It always comes down to how hard you tighten them. They only need to be tightened till you feel acceptable resistance. Over tightening is the cause of everything bad associated with them.


----------



## Jim Frye (Mar 16, 2011)

Don't feel bad Nick. Did an oil change on Black Betty this morning and discovered I didn't put a crush washer between the drain bolt and the oil pan the last time I did the oil. Not a drip or leak in the 5,000 miles it was that way. Don't know how I screwed it up the last time. Yeah, I checked the drain pan when I poured it into a recycle bottle. A count of the washers I have proves I didn't use one the last time.


----------



## NickD (Dec 10, 2011)

Guess I never owned a vehicle that uses a crush washer, looks like one you would expect to see on a spark plug. Cruze uses an O-ring, first for me also. 24 mm OD, 20 mm ID, with a 2 mm width.

Saw these all over the net, 8 bucks for an O'Ring? They got to be kidding, average price we paid for O'rings was like a penny each.

But then they have to pay someone to put one in a sealed plastic bag and paste a GM label on it. And when you buy one, have to give you a foot long invoice and pay a CPA a bundle to keep track of it and collect sales tax for the stat. Wouldn't cost them any extra to put ten O-rings in that pack.

But if they did use a crush ring, it wouldn't bake to the pan causing you to strip out that butter like 10 mm hex on the end of it.


----------



## hamish05064 (Apr 5, 2016)

Thats really amazing cruze, i am glad to see that


----------



## theonlypheonix (Oct 8, 2015)

On my 4th oil change never had issue with it baking on, although the plug material does seem a little soft. Have to admit I lube it up before putting it back in.

But for those that want a designer plug try one of these out in SS : Gold Plug LLC – Magnetic Drain Plugs

Only 10X the Doorman price but then again its a "gold" plug so it must be worth its price in gold :grin:


----------



## NickD (Dec 10, 2011)

Did not find that one, not any worse in price for what GM wants for their POS.

[h=3]$18.99[/h]14mm Automotive Magnetic Drain Plug. Pulls metal particles from your engine. AP-08 AP08 UPC 853871002082










Really do not feel the magnet is necessary, had those before, really not much iron to attract, but okay for the older AT's.

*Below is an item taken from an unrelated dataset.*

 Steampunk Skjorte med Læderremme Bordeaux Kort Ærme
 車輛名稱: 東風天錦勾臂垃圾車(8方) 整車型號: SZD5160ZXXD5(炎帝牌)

Have a feeling that 2.99 Dorman will also last for life, Never ever had a problem with a drain plug before, and been changing my own oil for the last 63 years.


----------



## Rocco611 (Jan 19, 2013)

The drain plug on my Cruze lasted 11 oil changes, yes it is very soft metal. I couldn't find one locally the day I stripped the hex off of it. The plug is a zinc alloy, so no welding it. Now it sports a steel nut jb welded over the hex. this thread reminds me I need order a new plug. Now that I have made the last car payment , I could even afford to get one from the dealer. I haven't had any trouble with o-ring, but have always lubricated it with oil before putting he plug back in.


----------



## NickD (Dec 10, 2011)

Talk about screwing around with Cruze oil pan drain plugs, need to get a life.

View attachment 191458
View attachment 191466


What's in there now is a Made in China drain plug from Advanced Auto, only thing I could find in town. Objection to it, uses a T-47 Torx bit with a flat head. Torx and road salt do not get along very well.

One on the left is the one that came with the car with a rounded off head, threaded that for a 3/8"-18 nut, tried to tack weld that nut to the base, wouldn't take weld. Epoxied it in, drilled and tapped for a 10-24" screw, but don't trust it, headed for the trash can.

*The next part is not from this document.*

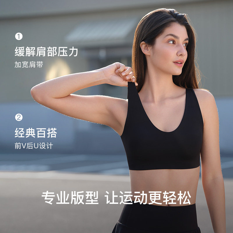 ubras2025新款V领宽肩带运动背心文胸防震跑步训练瑜伽健身内衣女

One on the right in a panic, ordered another OE off ebay for 13 bucks, but was kind of dumb, just as bad as the OE one, whatever that head is made of drills like butter in my lathe, must be some kind of pot metal, but the pack did say made in Germany. Thought they made good stuff.

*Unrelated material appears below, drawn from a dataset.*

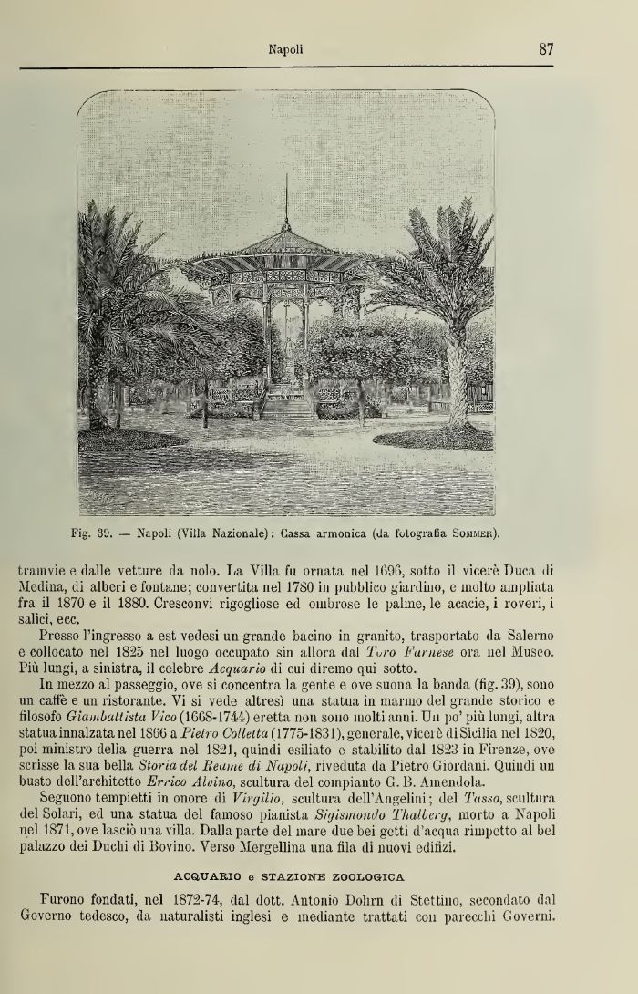 In mezzo al passeggio, ove si concentra la gente e ove suona la banda (fig. 39), sono un calie e un ristorante. Vi si vede altresì una statua in marmo del grande storico e filosofo Giambattista Vico (1668-1744) eretta non sono molti anni. Un po' più lungi, altra statua innalzata nel 1866aP/e/ro Colletta (1775-1831), generale, viceré di Sicilia nel 1820, poi ministro delia guerra nel 1821, quindi esiliato e stabilito dal 1823 in Firenze, ove scrisse la sua bella Storia del Beante di Napoli, riveduta da Pietro Giordani. Quindi un busto dell'architetto Errico Alvino, scultura del compianto G. B. Amendola.

Like the one in the center, a Dorman, intended for a 2008 Lincoln Navigator, but was concerned about extend tip on it, 3/16" longer than OE, and for all I know a connecting rod could hit it. So took that tip off in my lathe, same depth as OE, but made a note to check this next oil change. Can tell this one is good metal like they use to make them.

Sure a lot of fooling around for a stupid drain plug, but after some odd 68 years history, was never a problem before. Should take a 16 mm 6 point socket, but a 5/8" fits much better. That O'Ring looks a lot tougher than that skinny one OE is using. Not bad for $2.99.


----------